== REQUIRED ACTION ==
What you return should be the full listing, word for word, without a single image.

== AVAILABLE DATA ==
== Segment start ==

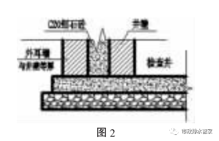 (2)管道与检查井的连接处理,通常的做法是在井壁范围做防漏处理,此种做法可以明显看到,管道基础和检查井基础缺少一个过渡段,引起不均匀沉降。而在检查井外围增加一道混凝土加砖砌墙,可适度减小前后的不均匀沉降,如图2。
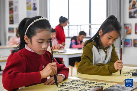 2月2日,在廣西興業(yè)縣至德小學,學生們在練習書法。
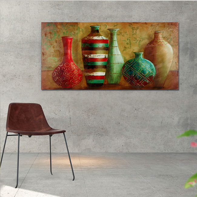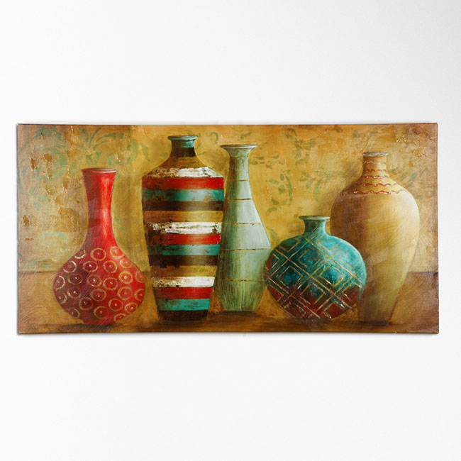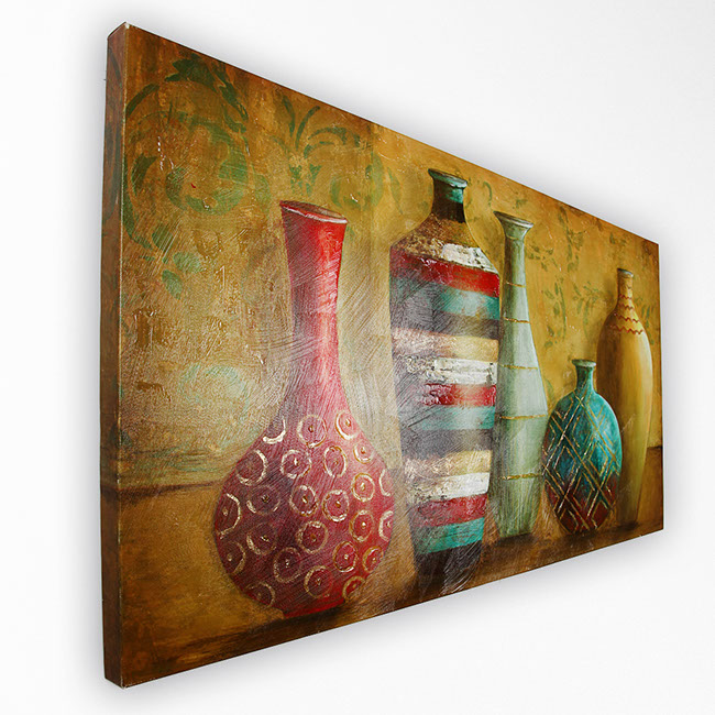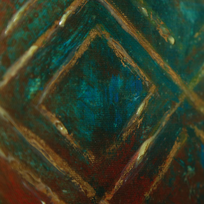 "Vessels of Tabuk" is a part of our OVERSIZED series of arts. Featuring a rich color pallet this piece will be at home just about anywhere. This gallery wrapped hand embellished piece has received a high level of careful hand embellishment .

== Segment end ==

== FINAL ANSWER ==
 (2)管道与检查井的连接处理,通常的做法是在井壁范围做防漏处理,此种做法可以明显看到,管道基础和检查井基础缺少一个过渡段,引起不均匀沉降。而在检查井外围增加一道混凝土加砖砌墙,可适度减小前后的不均匀沉降,如图2。
 2月2日,在廣西興業(yè)縣至德小學,學生們在練習書法。
 "Vessels of Tabuk" is a part of our OVERSIZED series of arts. Featuring a rich color pallet this piece will be at home just about anywhere. This gallery wrapped hand embellished piece has received a high level of careful hand embellishment .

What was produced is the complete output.